Recorded data

::::

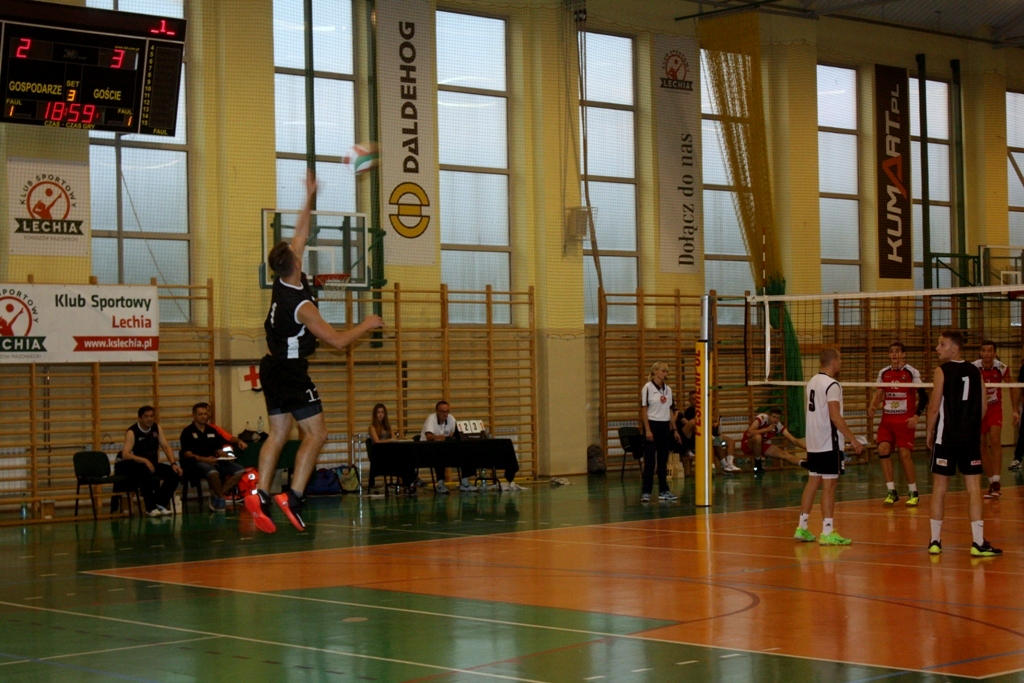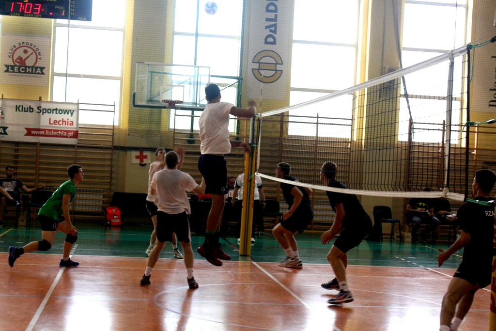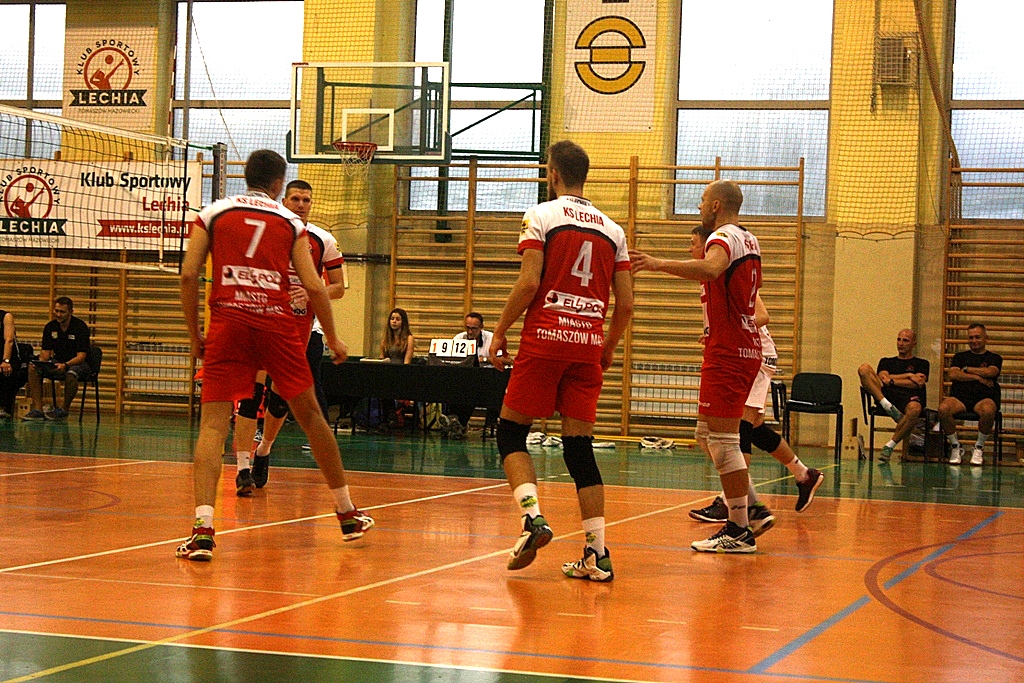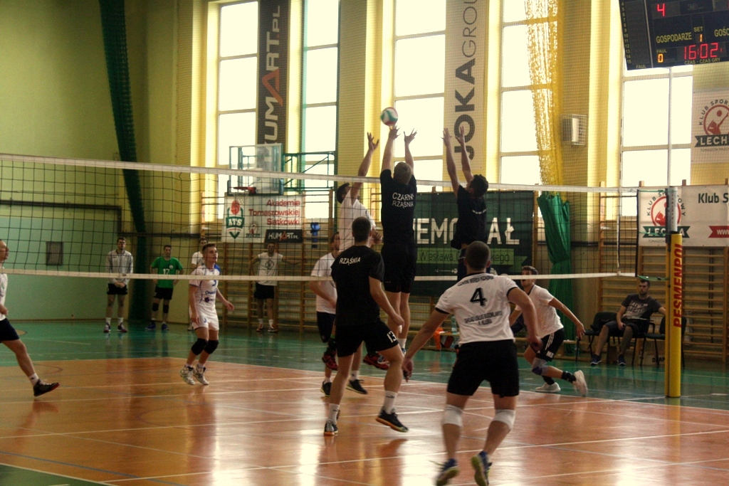 Zespół z Tomaszowa turniej rozpoczął od pojedynku z Czarnymi Rząśnia. Pierwszy set mocno wyrównany i zakończony pozytywnym wynikiem dla naszej drużyny 25:23. W drugiej odsłonie Lechia ponownie okazała się lepsza. Podopieczni Tomasza Migały nie czekali już na nerwową końcówkę i osiągnęli bezpieczną przewagę. Wynik 25:19. Mecz wygrany, jednak przed nami ostatni akord tej rywalizajci. Tym razem lepsi okazali się rywale wygrywając set 25:23. Mecz zakończył się zwycięstwem Lechii 2:1.
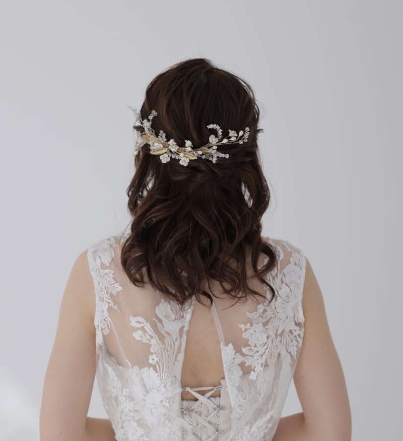 ヘアアクセサリーもドレスに合わせてナチュラル系のお花や葉っぱがついているものを選んでくださいました!可愛いですね
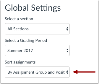 Assignments will be displayed according to your sorting preference in the Global Settings drop-down menu.
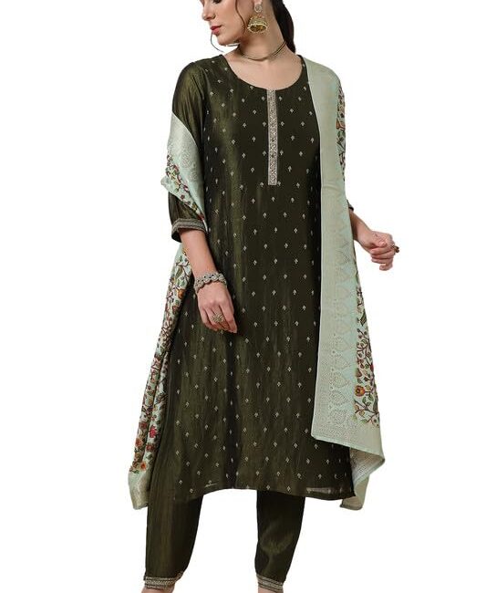 Soch Womens Olive Zari Embroidered Silk Blend Suit Set with Zardosi
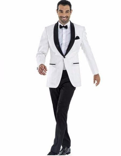View full detailsTuxedo with Black Peak Lapel Slim Fit Tuxedo Color: White,Black SKU#RA96
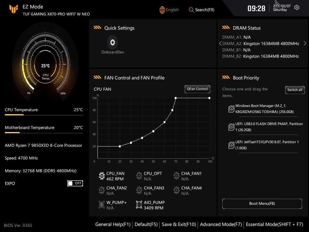 La TUF Gaming X870-Pro WiFi7 W NEO non si discosta da questo approccio e già a default risulta abbastanza veloce; per l’occasione ci abbiamo abbinato il nuovo AMD Ryzen 7 9850X3D, un chip che già di fabbrica arriva a 5,6 GHz, ma che grazie alle ottimizzazioni e impostazioni del PBO targate ASUS riesce a spremere ulteriormente il chip AMD.
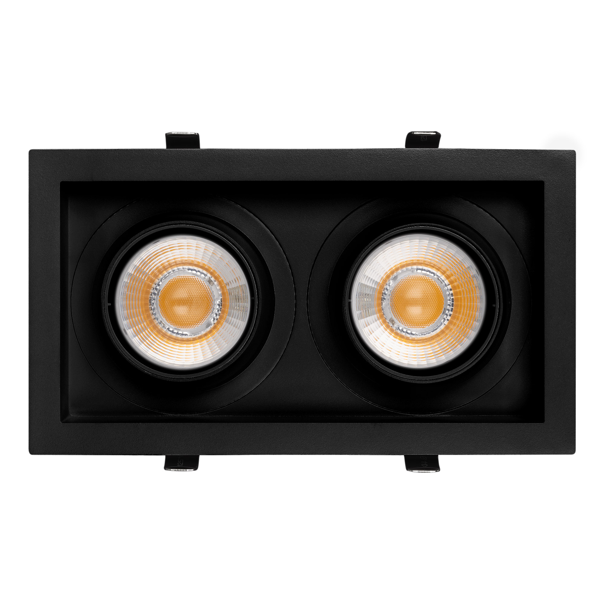 Поставка под заказ от 24 шт. Встраиваемый карданный светильник. Мощность 2х30 Вт, св. поток 6520 лм, 108 лм/Вт, тёплый 3000 K, CRI>92, угол 30°, напряжение питания 230 В. Чёрный корпус из алюминия, черная вставка, степень защиты IP20. Размер: длина 250 мм, ширина 140 мм, высота 125 мм. Монтаж встраиваемый, установочное отверстие: длина 230 мм, ширина 120 мм. Драйвер 24-42 В, 750 мА, пульсация <2%.
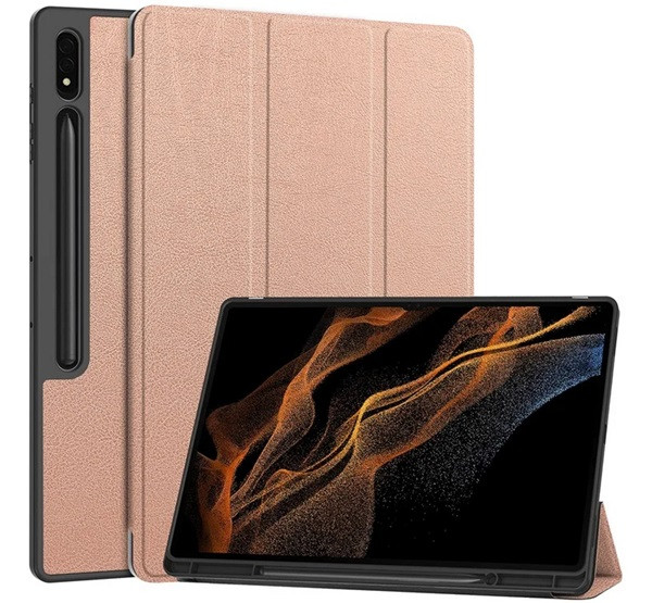 Tok álló, bőr hatású (aktív FLIP, oldalra nyíló, TRIFOLD, asztali tartó, ceruza tartó) ROZÉARANY
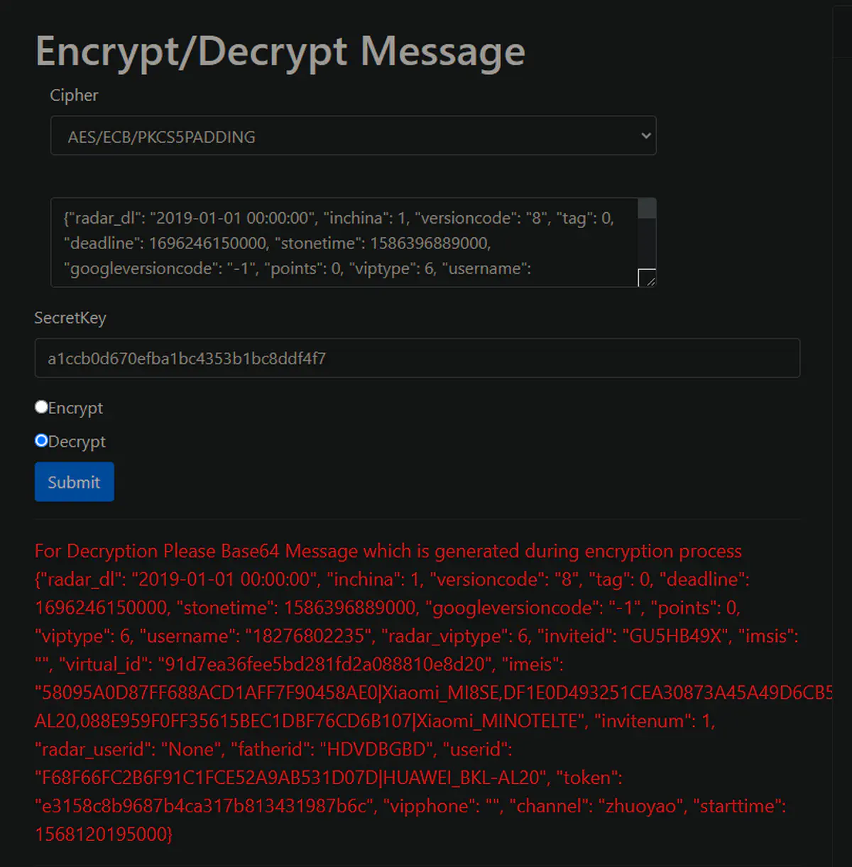 data值为使用AES-ECB-PK5加密的数据,data值解开后为形如以下结构的字符串(注意为字符串):
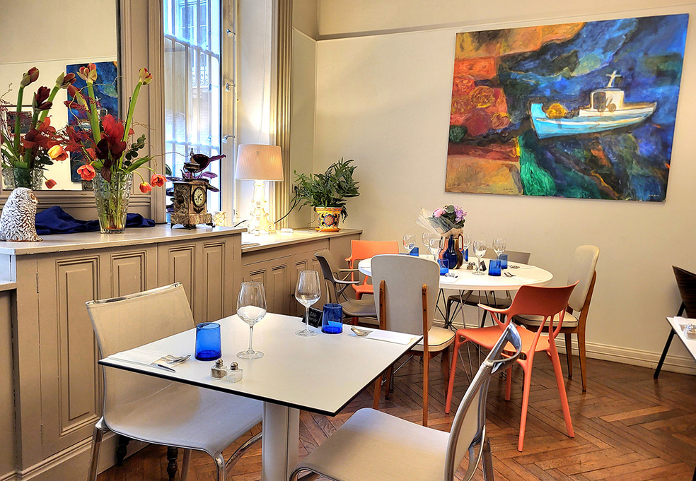 Quant à la décoration, elle se veut originale, mêlant vintage et design moderne, dans une ambiance à la fois chic et conviviale « sur les murs des gravures originales des fameux peintres grecs Fassianos et Gaïtis, ainsi que mes peintures, il faut savoir que restaurant était une galerie d’art » commente-t-elle.
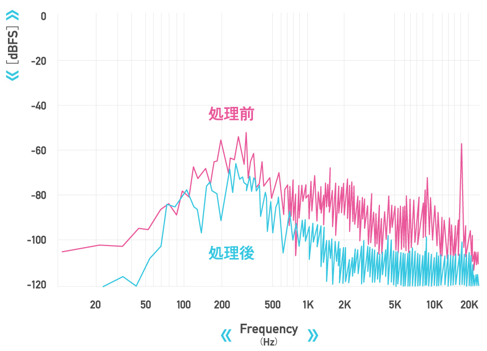 エネデュース導入前後の振動・騒音変化の様子 食品工場(東京都)
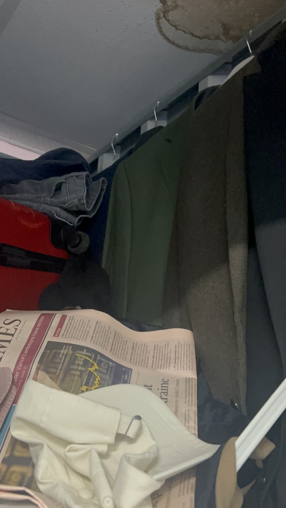 Personal effects and items. clothes, suitcases, jackets, a number of suits as per photos, hung on the wall.
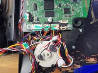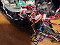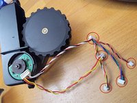 • For the left wheel, two of the sockets for these plugs are under the motherboard. Two others are tucked under the motherboard, and the 5th connector goes to the bin sensor behind the wheel assembly.
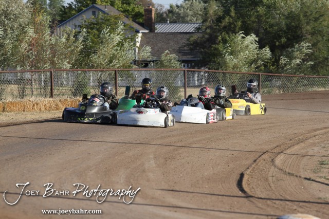 Racers in the Adult/Animal Class start Heat 2 at the Ness County Speedway Kart Races sponsored by Walker Tank Service at Ness County Speedway in Ness City, Kansas on August 18, 2012. (Photo: Joey Bahr, www.joeybahr.com)

::::

Exercise: An exact copy is needed of every line from the line containing "data值为使用AES-EC" to the last line of the records; pictures stay out of it.

Written solution:
 data值为使用AES-ECB-PK5加密的数据,data值解开后为形如以下结构的字符串(注意为字符串):
 Quant à la décoration, elle se veut originale, mêlant vintage et design moderne, dans une ambiance à la fois chic et conviviale « sur les murs des gravures originales des fameux peintres grecs Fassianos et Gaïtis, ainsi que mes peintures, il faut savoir que restaurant était une galerie d’art » commente-t-elle.
 エネデュース導入前後の振動・騒音変化の様子 食品工場(東京都)
 Personal effects and items. clothes, suitcases, jackets, a number of suits as per photos, hung on the wall.
 • For the left wheel, two of the sockets for these plugs are under the motherboard. Two others are tucked under the motherboard, and the 5th connector goes to the bin sensor behind the wheel assembly.
 Racers in the Adult/Animal Class start Heat 2 at the Ness County Speedway Kart Races sponsored by Walker Tank Service at Ness County Speedway in Ness City, Kansas on August 18, 2012. (Photo: Joey Bahr, www.joeybahr.com)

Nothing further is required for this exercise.